Natürlich ist es kein Geheimnis, dass es Menschen gibt, bei denen es schon am kleinen Einmaleins scheitert. Es ist nicht die Mehrheit – aber es sind diejenigen, die auffallen. Sie – und sie allein – machen das Glühwein-Game zum Hochrisikospiel. Da ist jeder Denkzettel verdient – der darf auch gerne ein paar Hundert Euro kosten. Die Gastronom*innen für diese Idiot*innen verantwortlich zu machen, ist jedoch noch idiotischer. Ja, es ist derart absurd, dass man glatt meinen könnte, es sei mal wieder die Gastronomie, an der ein Exempel statuiert werden soll. Oder wie sonst kann es sein, dass die Schildergasse am Black Friday einer menschlichen Sardinenbüchse gleicht, dort aber keine Hundertschaft anrückt, um die Geschäfte dicht zu machen?

Euer „Ich scheiß auf alles, lass mir nix verbieten und feiere trotzdem“ könnt ihr euch spätestens dann sonstwo hinschieben, wenn sämtliche Clubs, Kneipen und Restaurants wegen euch schließen mussten.

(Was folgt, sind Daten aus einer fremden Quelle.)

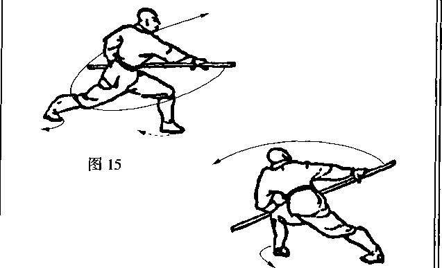 左脚前上一步,成左弓步。同时两手握棍,由 前向后抡打,然后两手握棍向前平刺。目视棍梢 (图 14)。

Also hört endlich auf damit, die Gastro zum Buhmann zu machen! Und damit meine ich nicht nur die Stadt, die Ordnungskräfte und die Presse. Damit meine ich vor allem diejenigen, die durch ihr verantwortungsloses Verhalten dafür sorgen, dass Polizei-Einsätze und Skandalberichte wie vom Freitagabend überhaupt erst entstehen können. Denn all euer „Ich scheiß auf alles, lass mir nix verbieten und feiere trotzdem“ könnt ihr euch spätestens dann sonstwo hinschieben, wenn sämtliche Clubs, Kneipen und Restaurants wegen euch schließen mussten.